> _BRIEF_:
In the material below, pictures must be dropped. Repeat exactly, and only, the lines from the line with "This sweatshirt has" to the line with "2021年6月投入試運行的構", both ends included.

> _INFORMATION SHOWN_:

==============================

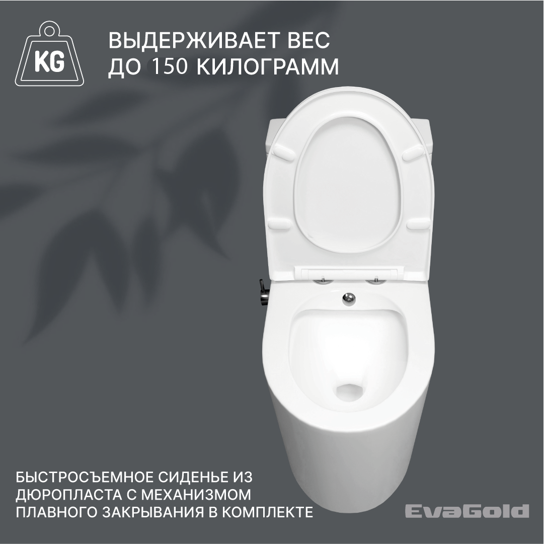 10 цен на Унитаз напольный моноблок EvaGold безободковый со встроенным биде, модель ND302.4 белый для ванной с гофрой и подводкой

==============================

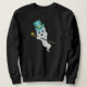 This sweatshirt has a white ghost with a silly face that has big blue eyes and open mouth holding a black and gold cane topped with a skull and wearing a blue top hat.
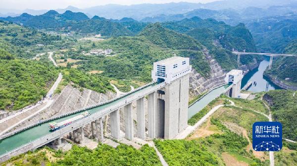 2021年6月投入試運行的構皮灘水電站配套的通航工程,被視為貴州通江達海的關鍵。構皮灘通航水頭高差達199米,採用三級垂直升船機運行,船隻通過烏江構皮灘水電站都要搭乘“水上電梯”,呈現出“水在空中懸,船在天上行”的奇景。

==============================

> _RESULT FOR THIS EXERCISE_:
 This sweatshirt has a white ghost with a silly face that has big blue eyes and open mouth holding a black and gold cane topped with a skull and wearing a blue top hat.
 2021年6月投入試運行的構皮灘水電站配套的通航工程,被視為貴州通江達海的關鍵。構皮灘通航水頭高差達199米,採用三級垂直升船機運行,船隻通過烏江構皮灘水電站都要搭乘“水上電梯”,呈現出“水在空中懸,船在天上行”的奇景。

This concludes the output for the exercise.